Deeptools
Run standard deepTools BAM→bigWig, QC, and heatmap workflows for ChIP-seq and coverage analysis with correct normalization flags.
Overview
deepTools is an agent skill most often used in Build (also Validate and Operate) that supplies copy-paste deepTools CLI recipes for BAM QC, normalized coverage, differential tracks, and heatmaps.
Install
npx skills add https://github.com/k-dense-ai/scientific-agent-skills --skill deeptoolsWhat is this skill?
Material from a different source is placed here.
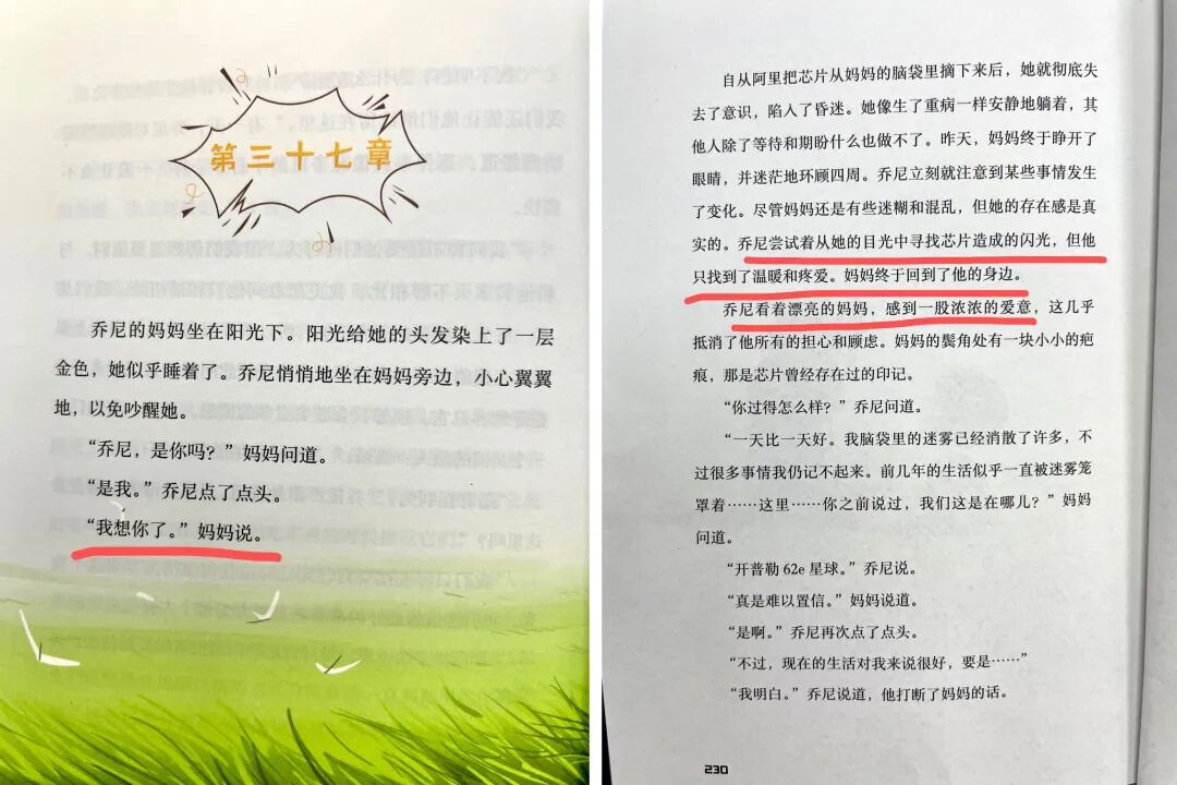 而当妈妈脑袋里的芯片被取出,恢复正常之后,对乔尼说“我想你了。”,简简单单四个字,却让人感受到了久违的母爱。

- Four-step workflow: QC (plotFingerprint, plotCorrelation), coverage (bamCoverage), comparison (bamCompare), visualizatio
- bamCoverage RPGC normalization with hg38 effective genome size 2913022398
- bamCompare log2 ratio with readCount scale factors for treatment vs control
- TSS-centered heatmaps with ±3000 bp reference-point matrices
- Effective genome size table for human hg38, mouse mm10, and fly dm6
- 4-step typical workflow (QC → coverage → comparison → visualization)
- 3 reference effective genome sizes in table (hg38, mm10, dm6)
Adoption & trust: 520 installs on skills.sh; 27.6k GitHub stars; 3/3 security scanners passed (skills.sh audits).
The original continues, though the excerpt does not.